20. A method according to any of claims 14-19, wherein the configuration authorization is a first type of configuration authorization and/or a second type of configuration authorization; wherein the first type configuration authorization provides a side link configuration authorization for the network device through Radio Resource Control (RRC) signaling; the second type configuration authorization defines a period of side link configuration authorization for the network device through a Radio Resource Control (RRC) signaling, and activates the side link configuration authorization through a Physical Downlink Control Channel (PDCCH) or Downlink Control Information (DCI).
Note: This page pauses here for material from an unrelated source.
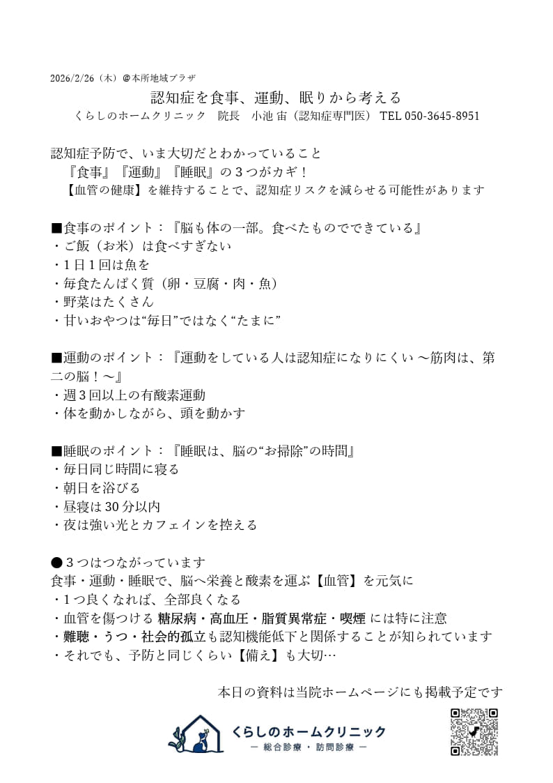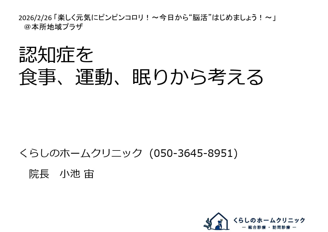 去る2026年2月26日、当院のある墨田区:本所地域プラザにて当院院長の小池宙による近隣住民の方に向けて認知症の講義をさせていただきました。

21. A method of communication, comprising:

the network equipment receives second information from the terminal equipment, wherein the second information is used for requesting a second retransmission resource of the first link for the data which fails to be transmitted on the dynamic authorized resource of the first link;

the network equipment allocates a second retransmission resource for the terminal equipment according to the second information, wherein the second retransmission resource is used for the terminal equipment to retransmit data failed in transmission on the dynamic authorization resource of the first link;

22. A method of communication, comprising:

the network equipment receives second information from the terminal equipment, wherein the second information is indication information of data failure sent by the terminal equipment on the dynamic authorized resource of the first link;

23. The method of claim 21 or 22, comprising:

24. The method according to any of the claims 21-23, wherein said second information is a second scheduling request, SR.

25. The method according to any of claims 21-23, wherein the second information is a second buffer status report BSR;

26. The method according to claim 23 or 24, wherein the configuration information is SR configuration information.

27. A communications apparatus, comprising: at least one processor and power supply circuitry for supplying power to the processor, the program instructions involved being executable in the at least one processor to cause the communication apparatus to carry out the functions of the terminal device or the network device according to any of the methods of claims 1-26.

28. A computer storage medium, wherein the computer readable storage medium has stored therein related program instructions, which when executed, implement the functions of the terminal device or the network device according to any one of claims 1-26.

29. A computer program product comprising program instructions involved, which when executed, implement the functionality of the terminal device or the network device in the method according to any of claims 1-26.

30. A communication system, comprising one or more of: communication apparatus according to claim 27, or a computer storage medium according to claim 28, or a computer program product according to claim 29.